2017-11-30 17:30 GMT+01:00 Solar Designer <solar@xxxxxxxxxxxx>:
> Replying to Salvatore and Ian at once, and CC'ing H. Peter Anvin and
> Karel Zak for util-linux flock(1).
>
> On Thu, Nov 30, 2017 at 02:57:06PM +0000, Ian Campbell wrote:
> > On Thu, 2017-11-30 at 15:39 +0100, Salvatore Mesoraca wrote:
> > > 2017-11-27 1:26 GMT+01:00 Solar Designer <solar@xxxxxxxxxxxx>:
> > > > Why would "shared lock files based on flock()" need O_CREAT without
> > > > O_EXCL? Where specifically are they currently used that way?
> > >
> > > I don't think that they *need* to act like this, but this is how
> > > util-linux's flock(1) currently works.
>
> Oh, but you never referred to flock(1) in there, so I read flock() as
> implying flock(2).

That's true, I observed that behavior in flock(1), but I didn't specify
it was flock(1) because I thought that there may be some other users of
flock(2) that works that way.

> I think util-linux's flock(1) is relatively obscure,
> and as far as I can tell it isn't documented anywhere whether it may be
> used on untrusted lock file directories or not. A revision of the
> flock(1) man page seen on RHEL7 gives really weird examples using /tmp.
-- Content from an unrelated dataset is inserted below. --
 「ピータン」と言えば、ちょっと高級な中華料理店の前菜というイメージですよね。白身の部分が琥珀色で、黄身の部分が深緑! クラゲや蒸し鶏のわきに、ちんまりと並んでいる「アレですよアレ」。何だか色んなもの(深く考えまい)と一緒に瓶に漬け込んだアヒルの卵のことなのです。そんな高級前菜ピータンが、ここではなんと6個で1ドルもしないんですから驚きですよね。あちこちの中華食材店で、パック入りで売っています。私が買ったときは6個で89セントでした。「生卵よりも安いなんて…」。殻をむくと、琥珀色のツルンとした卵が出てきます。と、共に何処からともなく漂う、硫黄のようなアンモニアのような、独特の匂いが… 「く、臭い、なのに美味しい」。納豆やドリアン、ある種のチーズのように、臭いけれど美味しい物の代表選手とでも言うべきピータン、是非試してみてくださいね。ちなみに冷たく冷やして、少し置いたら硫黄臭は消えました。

> The current util-linux-2.31/sys-utils/flock.1 is similar. strace'ing
> those examples, I see flock(1) literally uses the /tmp directory itself
> (not a file inside) as the lock, which surprisingly appears to work.
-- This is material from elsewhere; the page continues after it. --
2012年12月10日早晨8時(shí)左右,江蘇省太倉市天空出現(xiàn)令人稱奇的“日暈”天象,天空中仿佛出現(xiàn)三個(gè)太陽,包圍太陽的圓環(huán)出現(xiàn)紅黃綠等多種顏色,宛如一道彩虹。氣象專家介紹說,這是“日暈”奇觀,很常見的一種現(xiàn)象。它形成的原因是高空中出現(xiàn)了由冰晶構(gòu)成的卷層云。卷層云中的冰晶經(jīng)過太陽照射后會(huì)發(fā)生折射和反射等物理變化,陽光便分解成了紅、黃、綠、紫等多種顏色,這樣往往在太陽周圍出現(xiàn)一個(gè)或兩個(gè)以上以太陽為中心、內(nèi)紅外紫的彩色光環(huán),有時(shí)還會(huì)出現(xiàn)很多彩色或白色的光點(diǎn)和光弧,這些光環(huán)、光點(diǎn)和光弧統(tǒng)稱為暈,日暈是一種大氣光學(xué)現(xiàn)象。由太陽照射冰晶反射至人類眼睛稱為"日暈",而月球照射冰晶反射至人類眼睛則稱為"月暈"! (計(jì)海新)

> Checking the util-linux tree, it looks like this was added as a feature.
> I suppose the good news is this doesn't appear to allow for worse than a
> DoS against the script using flock(1) (since a different user can also
> take that lock), unless any of the upper level directories are also
> untrusted. The man page as seen at https://linux.die.net/man/1/flock
> currently only lists a more complex example with /var/lock/mylockfile,
> where flock(1) itself is asked to access it via a pre-opened fd.
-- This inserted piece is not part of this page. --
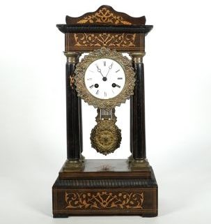 Frankreich, 2. Hälfte 19. Jh., Holzgehäuse als architektonischer Aufbau, rechteckiger einfach getreppter Sockel, 4 ebonisierte Konussäulen mit Messingkapitellen und -basen, rechteckiges Dach mit geschweiftem Aufsatz tragend, in der Front Intarisendekor, geprägte Messinglunette, entpsr Prunkpendel (Aufhängung defekt), Emaillezifferblatt (rissig), röm Indices, gebläute Zeiger, Halbstundenschlag auf Glocke, Messingplatinenwerk, 44,5 x 13,5 x 22 cm, unrestauriert, tlw min besch Gehäuse

> Permissions on /var/lock vary between distros (e.g., a RHEL6'ish system
> I just checked has it as 775 root:lock, whereas a RHEL7'ish has it as
> symlink to ../run/lock, which is 755 root:root). Anyway, these are just
> examples. The reality is people will use flock(1) in various directories,
> some of them trusted and some not. If our proposed policy can detect and
> optionally break some uses in untrusted directories, that's good since
> such uses are currently unsafe (see below).
>
> > > And it doesn't seem an unreasonable behavior from their perspective,
> >
> > I thought that too, specifically I reasoned that using O_EXCL would
> > defeat the purpose of the _shared_ flock(), wouldn't it?
>
> No. O_EXCL means the attempt to O_CREAT will fail, at which point the
> program can retry without both of these flags. (The actual lock is
> obtained later via flock(2) or fcntl(2) anyway.) In fact, flock(1)
> already does something similar, as tested using the very first example
> from the man page on a RHEL7'ish system:
>
> $ strace flock /tmp -c cat
> [...]
> open("/tmp", O_RDONLY|O_CREAT|O_NOCTTY, 0666) = -1 EISDIR (Is a directory)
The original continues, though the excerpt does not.